Setting Data Sources
Most often will a source be associated with either a feature_view
or a model_contract
. However, it is also possible to update these on the fly with the .update_source_for(...)
function.
store: ContractStore = await ContractStore.from_glob("**/contract.py")
store = store.update_source_for(
"feature_view:titanic",
InMemorySource.from_values({
"passenger_id": [1, 2, 3],
"age": [1, 2, 3],
...
})
)
There are currently support for the following data sources:
- CSV
- Parquet
- Hive Paritioned Parquet
- Schema Versioned
- In Memory Source
- Random Source
- Azure Blog Storage
- AWS Redshift
- AWS S3
- PostgreSQL
- Feature View
- Custom Source
CSV File
from aligned import FileSource
taxi_file = FileSource.csv_at("taxi_data.csv")
CSV Config
There are a lot of differnet variations of CSV files. That is why it is possible to define a CsvConfig
containting which seperator, and compressions to use.
from aligned import FileSource
from aligned.sources.local import CsvConfig
taxi_file_config = CsvConfig(
seperator=";",
compression="gzip"
)
compressed_taxi_data = FileSource.csv_at(
"gzip_taxi_data.csv",
mapping_keys={
"ID": "taxi_id",
"Duration": "duration",
},
csv_config=taxi_file_config
)
Parquet File
There are a lot of differnet variations of Parquet files. That is why it is possible to define a ParquetConfig
containting which seperator, and compressions to use.
from aligned import FileSource
taxi_file = FileSource.parquet_at("taxi_data.parquet")
Parquet Config
from aligned import FileSource
from aligned.sources.local import ParquetConfig
taxi_file_config = ParquetConfig(
compression="gzip"
)
compressed_taxi_data = FileSource.parquet_at(
"gzip_taxi_data.parquet",
mapping_keys={
"ID": "taxi_id",
"Duration": "duration",
},
config=taxi_file_config
)
Hive Partitioned Parquet
Often we have data that can be split into different segments based on their data.
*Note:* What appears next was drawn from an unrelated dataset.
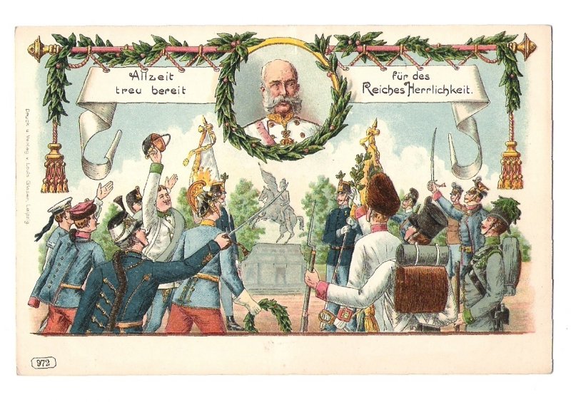 Color portrait of Franz Joseph , signs and emblems of national

This is why aligned offer a hive partitioned data source, which can signficantly improve filtering performance, and reduce memory usage in certain scenarios.
from aligned import FileSource
partitioned_credits = FileSource.partitioned_parquet_at(
directory="credit_scoring",
partition_keys=["country"],
mapping_keys={ ... },
config=None, # A parquet config
date_formatter=None
)
This could partition the data with a file structure as:
credit_scoring/country=norway/data.parquet
credit_scoring/country=danmark/data.parquet
credit_scoring/country=uk/data.parquet
Schema Versioned Source
When deploying new versions of our programs is it highly likely that there will be a conflict in data sources at some point.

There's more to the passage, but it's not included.